• [Source data]:
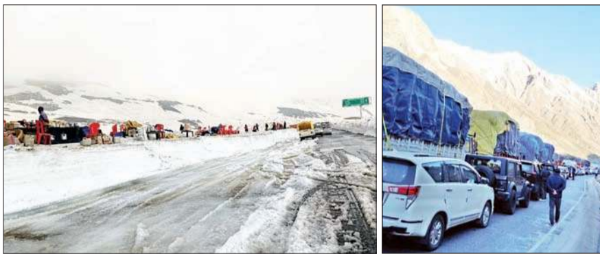
विश्व प्रसिद्ध पर्यटन स्थल रोहतांग में बर्फ के बीच पहुंचे पर्यटक तथा मनाली-तेह सड़क मार्ग पर दारचा के पास खड़े वाहन।

पर्यटकों की बढ़ती आमद के चलते रोहतांग के लिए 1200 पर्यटक कम पड़ने लगे हैं। सप्ताहांत के चलते बाहरी राज्यों से आने वाली लाजरी बसों में भारी बढ़ती हुई है। शनिवार को डेढ़ सौ से अधिक लजरी बसें मनाली
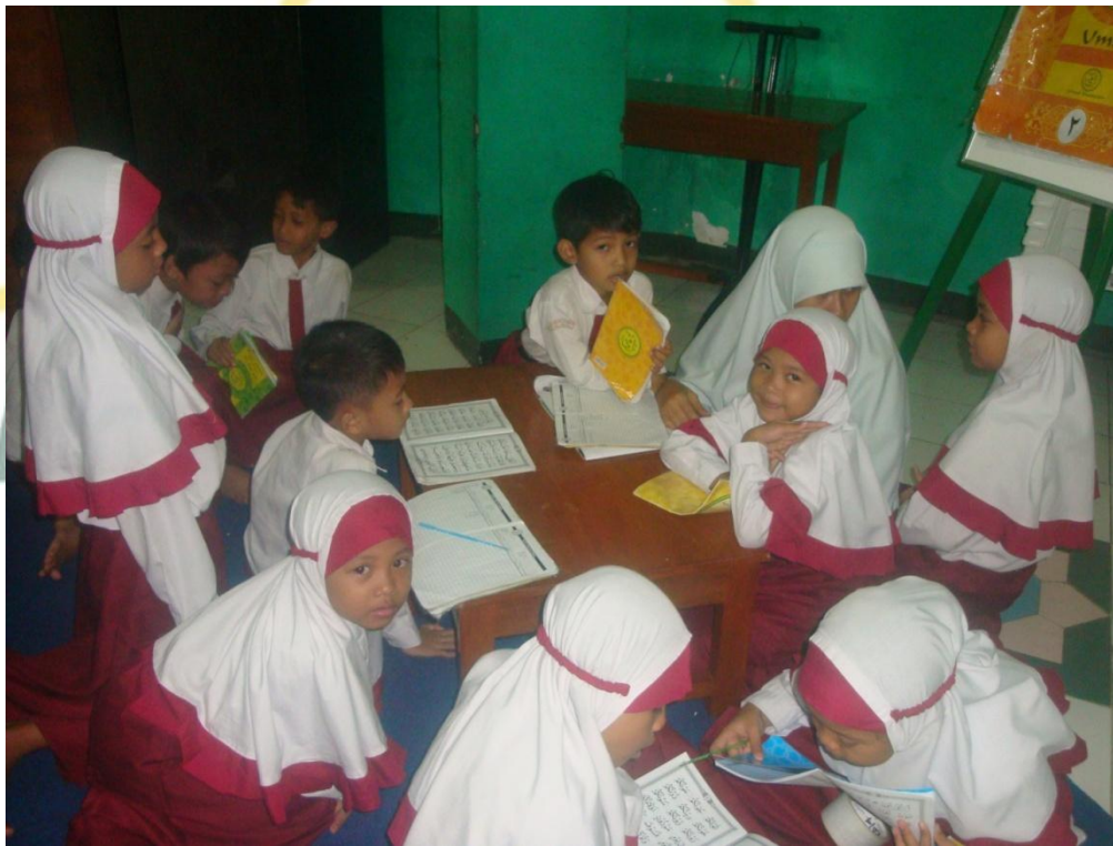
Kegiatan Membaca Bersama-sama
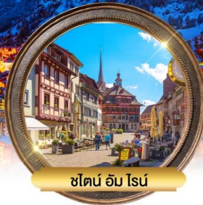
ชไตน์ อัม ไรน์
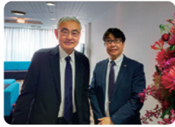
認知症治療の第一人者である、繁田雅弘東京慈恵会医科大学主任教授の最終講義を受講。
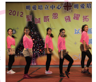
■ 爵士舞組在2012年聖誕感恩自助餐舞會中演出

本年度爵士舞組參加了第33屆沙田區舞蹈比賽，獲得公開組－爵士舞組別的銀獎。此外，亦有四位爵士舞組成員，參加了2012年8月舉行的澳洲聯邦舞蹈教師協會（香港區）考試的爵士舞一級試，取得榮譽獎，此乃同學們首次參加專業舞蹈考試並獲取優異成績，日後會鼓勵更多有興趣的同學參與，挑戰自我。
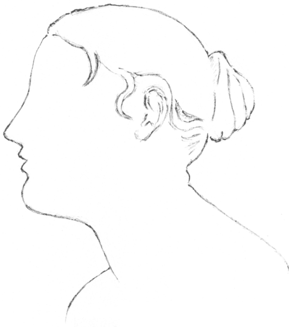
Скульптура «Смирение», Lorenzo Bartolini, 1834 г.
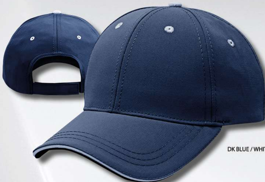
DK BLUE / WHITE
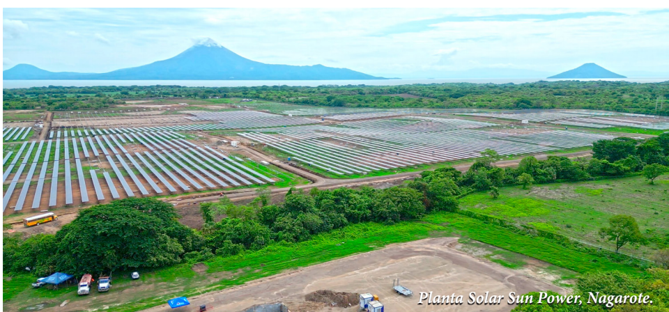
Planta Solar Sun Power, Nagarote.
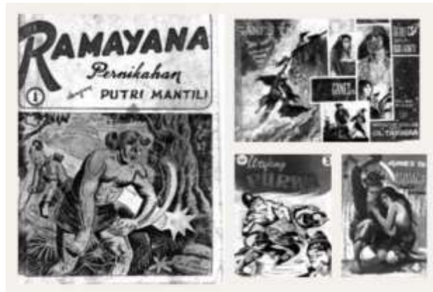
Gambar 2.7 Cergam berjudul Ramayana

usaha untuk mengimbangi cergam luar negeri yang datang ke Indonesia pada sekitar tahun 1940 seperti Tarzan , Phantom , Rip Kirby , Marco Polo , dan lain-lain. Pada masa ini pula muncul cergam bertema Cina seperti Petualangan Sie Dijen Koei .
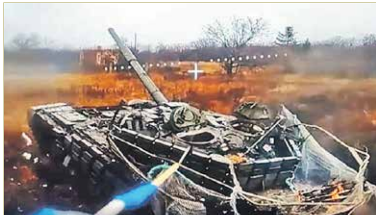
Атака российским дроном-камикадзе украинского танка на подступах к Красноармейску. Именно так оператор дрона и видит цель. Через мгновение связь оборвётся – будет взрыв.

• [Work request]: Produce the entries above once more, exactly as given, with each picture left out.

• [Solved problem]:
विश्व प्रसिद्ध पर्यटन स्थल रोहतांग में बर्फ के बीच पहुंचे पर्यटक तथा मनाली-तेह सड़क मार्ग पर दारचा के पास खड़े वाहन।

पर्यटकों की बढ़ती आमद के चलते रोहतांग के लिए 1200 पर्यटक कम पड़ने लगे हैं। सप्ताहांत के चलते बाहरी राज्यों से आने वाली लाजरी बसों में भारी बढ़ती हुई है। शनिवार को डेढ़ सौ से अधिक लजरी बसें मनाली
Kegiatan Membaca Bersama-sama
ชไตน์ อัม ไรน์
認知症治療の第一人者である、繁田雅弘東京慈恵会医科大学主任教授の最終講義を受講。
■ 爵士舞組在2012年聖誕感恩自助餐舞會中演出

本年度爵士舞組參加了第33屆沙田區舞蹈比賽，獲得公開組－爵士舞組別的銀獎。此外，亦有四位爵士舞組成員，參加了2012年8月舉行的澳洲聯邦舞蹈教師協會（香港區）考試的爵士舞一級試，取得榮譽獎，此乃同學們首次參加專業舞蹈考試並獲取優異成績，日後會鼓勵更多有興趣的同學參與，挑戰自我。
Скульптура «Смирение», Lorenzo Bartolini, 1834 г.
DK BLUE / WHITE
Planta Solar Sun Power, Nagarote.
Gambar 2.7 Cergam berjudul Ramayana

usaha untuk mengimbangi cergam luar negeri yang datang ke Indonesia pada sekitar tahun 1940 seperti Tarzan , Phantom , Rip Kirby , Marco Polo , dan lain-lain. Pada masa ini pula muncul cergam bertema Cina seperti Petualangan Sie Dijen Koei .
Атака российским дроном-камикадзе украинского танка на подступах к Красноармейску. Именно так оператор дрона и видит цель. Через мгновение связь оборвётся – будет взрыв.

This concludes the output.